Would require two versions of each map though i gueas and would be player choice to be involved.
tsaescishoeshiner wrote: »Frogs.
A new frog system is definitely very needed, and would appeal to players of all types. The game feels really empty when you realize how little player-frog interaction there is in most content. Frogs feel like the next obvious thing to rework in ESO
You can tell they've already begun implementing frogs for a while now - the animations and textures are there, they just need to write in the content.
Did you not see we got an entire quest in murkmire related to frogs?
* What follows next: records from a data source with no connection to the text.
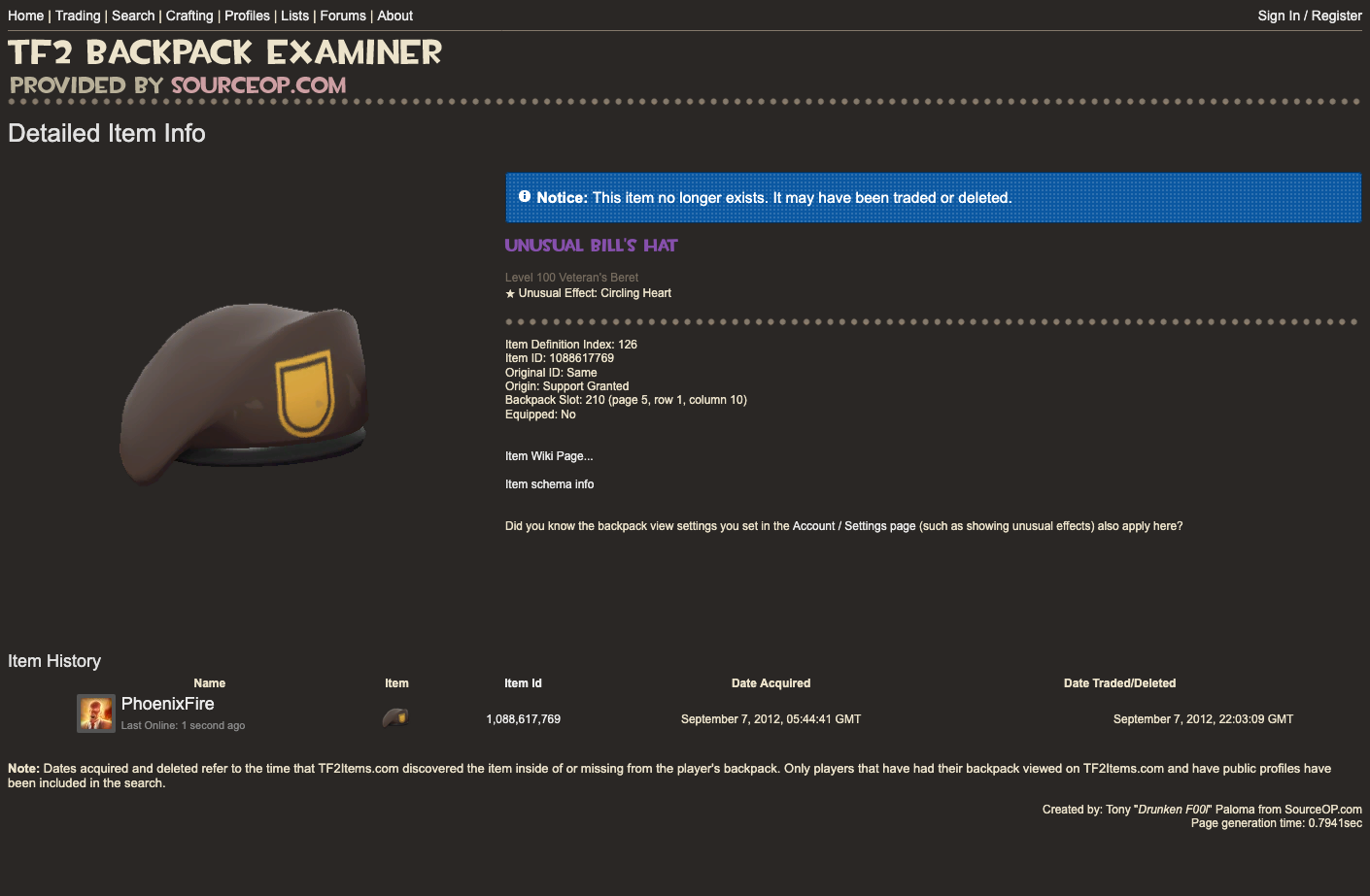 Whilst item tracking websites prove this hat definitely did exist, it's creation, and potential deletion, is still not 100% certain. It is speculated that this item was manually created by a Valve employee for his girlfriend and later wife.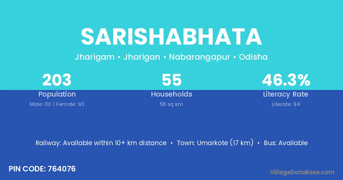 Sarishabhata village is located in the Jharigan Tehsil of the Nabarangapur district in Odisha .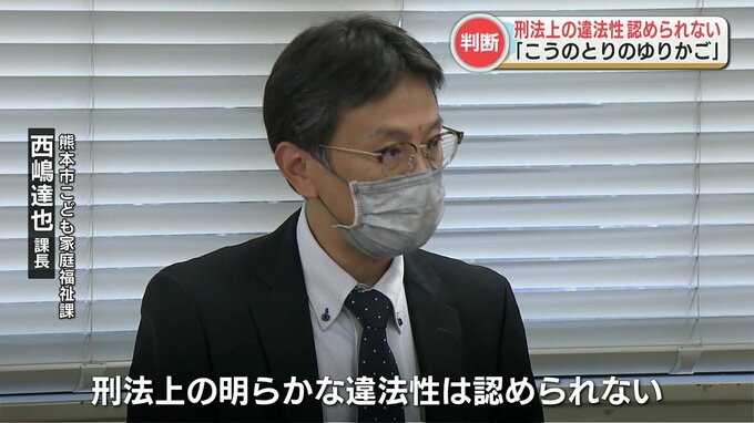 熊本市こども家庭福祉課 西嶋達也課長「刑法上の明らかな違法性は認められない」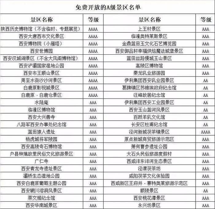 西安:53家A级景区免门票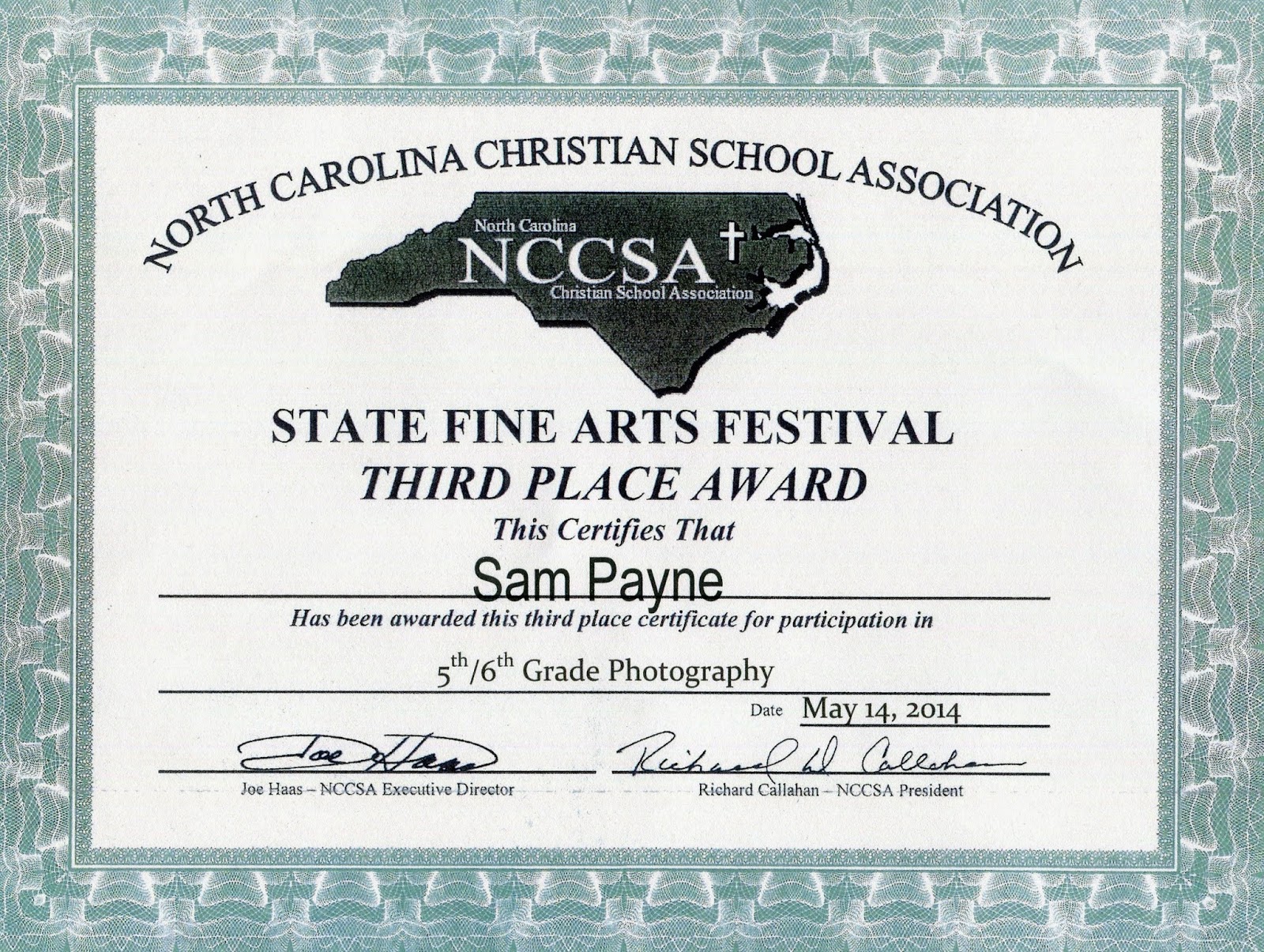 Sam took third place in the NC Christian School Association’s Fine Arts Festival. Sam competed against all 5th and 6th grade students in NC Christians schools and came away with a 3rd Place finish for his horse photo. We are very proud of him and can’t wait to see what he takes photos of during our upcoming vacation. 🙂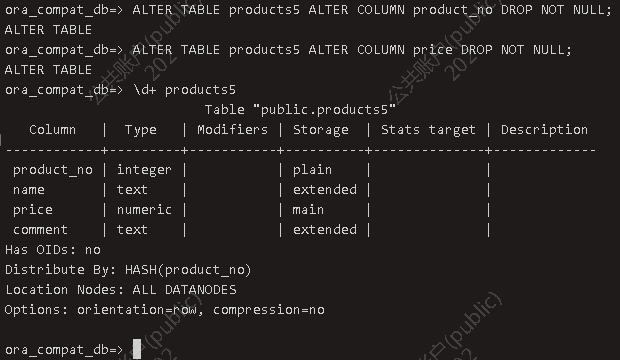 和移除一个列相似,如果需要移除一个被某些别的东西依赖的约束,也需要加上CASCADE。一个例子是一个外键约束依赖于被引用列上的一个唯一或者主键约束。 这对除了非空约束之外的所有约束类型都一样有效。为了移除一个非空约束可以用: ALTER TABLE products5 ALTER COLUMN product_no DROP NOT NULL;ALTER TABLE products5 ALTER COLUMN price DROP NOT NULL;\d+ products5 (回忆一下,非空约束是没有名称的,所以不能用第一种方式。)

Is that not enough for you??
Smh these frog Fanboys are insatiable....
Servers that work properly.
edited to add "properly".
Something we don't yet have in game. what would you like for it to have?
for me, I'd love if we had a system for sailing boats, ships, sea combat, diving and finding treasure, and things like that. Imaging sailing the highseas in a pretty sunset, or during a storm!
also a way to learn other classes skills, (even with some limits) so we could be more free and have more options. at the moment of doing our hotbars. (I'd personally ditch actual classes like we have now myself)
and I would also like the treasure map system we have, to be more developped.
so for you, what new system would you like for ESO to have?
Player built dungeons/zones
What made Skyrim last so long? Why was (and is) Neverwinter Nights so great, despite all its flaws? Both profited hugely from the players' ability and motivation to create content - not only interface or graphic improvements, but new quests, zones, dungeons and even monsters.
Eso should be in a good, maybe even unique position to introduce such a system. Mob power and loot were normalized through One Tamriel. New content should still sell well as it can introduce new sets, skill lines and so on. But regular old quest content, variations on non-DLC dungeons and so on should still find a lot of interest - probably not among the hardcore elite, but among the huge, i. e. the economically relevant majority.
The housing system already put a tool to build environments into the player client. All that would be needed now would be the option to place mobs for the most basic of systems. And if that runs well, add quests, bosses and so on.